If you follow this blog at all, you know that I’ve been a rather sickly boy for the last while. That’s especially true with this past month and a bit, as my medication has been taking me to the cleaners rather full bore. I have had trouble sleeping, concentrating, remembering, and not being rather crabby at times. Still, through it all I’ve been slowly chipping away at the edits for the Authentic Fire review book that Fred Butler and I are putting together. Fred and I have been re-packaging our content and beefing it up, rather significantly. I’m guessing that by the time the book is done it will be over 200 pages, and I’ve added at least 30 pages of new material. Fred has been rather amazingly patient with me through this all, getting updates every few weeks and having me being the one who is holding up progress on finishing everything. One day, I’ll definitely have to buy that man a steak.
That’s probably not the best image to have after the first one.

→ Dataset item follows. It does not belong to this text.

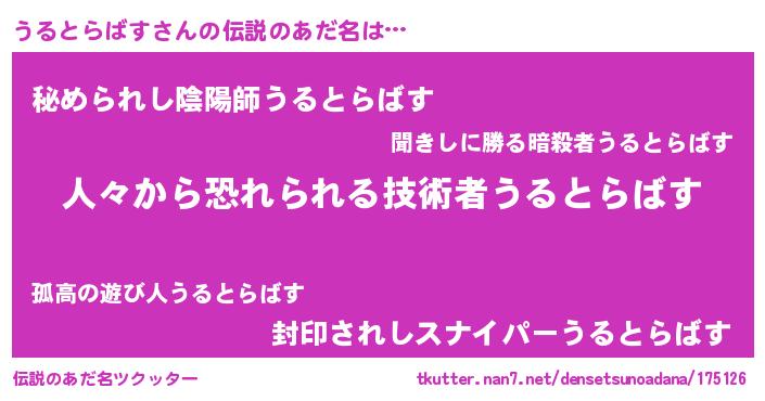 | ヘコむあだ名 | 『つくし』『うるにー』『うるっ子』 |

Fred Butler has already leaked something from the book in order to wet some appetites, and now I have something of my own to toss out. I had a goofy idea that spiraled into something rather crazy (as often happens with me). I was thinking about the typical Charismatic proofs for modern manifestations of sign gifts (namely tongues, prophecy and healing) and how a majority of the “evidence” given as proofs is testimonial evidence rather than biblical exegesis. All of a sudden was singing some lyrics along those lines in my head…to the tune of the William Tell Overture.
That’s right.
The theme song to the Lone Ranger.
I have absolutely no idea why.
Here’s the song for those of you who aren’t that familiar with it:
Here’s a sneak peak at part of the lyrics that I came up with (the full score will be part of the final end-note in chapter 11 of the book):
Here’s a tale, here’s a tale, here’s another tale!
Here’s a tale, here’s a tale, here’s another tale!
Here’s a tale, here’s a tale, here’s another tale!
What a WHAAAAALE of a sign gift tale!
Overseas, in ’03, I prayed for a knee.
It was sore, the guy swore, for a month or more!
But I prayed, God gave aid, in my big crusade,
All the SKEEEEEPTICS saw God’s power displayed!
Don’t ask where, I forget, but I know that it was in a country overseas.
Don’t’ ask who, I don’t know, since I healed a lot of people’s rather damaged knees.
There’s a guy, if I try, I can get him to track down someone to verify.
If I call on a phone, I can see if there’s a video that can be shown.
I suggest that you don’t get hopes up, because it, might be erased.
But I hope that it’s still around so, I can put, you in your place.
Here’s a tale, here’s a tale, here’s another tale!
Here’s a tale, here’s a tale, here’s another tale!
Here’s a tale, here’s a tale, here’s another tale!
What a WHAAAAALE of a sign gift tale!
And so on… It goes on and becomes rather the tongue twister around 1:10-1:22, but you’ll have to actually pick up the book to get the full lyrics. Where else can you get such high quality Cessationist comedy?
Tremendous thanks goes out to everyone who has upheld me in prayer as I’ve slogged through this project, a few hours at a time, in the early mornings as I’ve been bludgeoned with drug-induced insomnia. If I were feeling better I’d be probably done long ago, but it’s slow going since I haven’t been feeling like myself for a while.
Either way, I’ve got 1 chapter left of major edits and then I’ll send it to my proof-reader for a final examination. Hopefully, this will all be done relatively soon.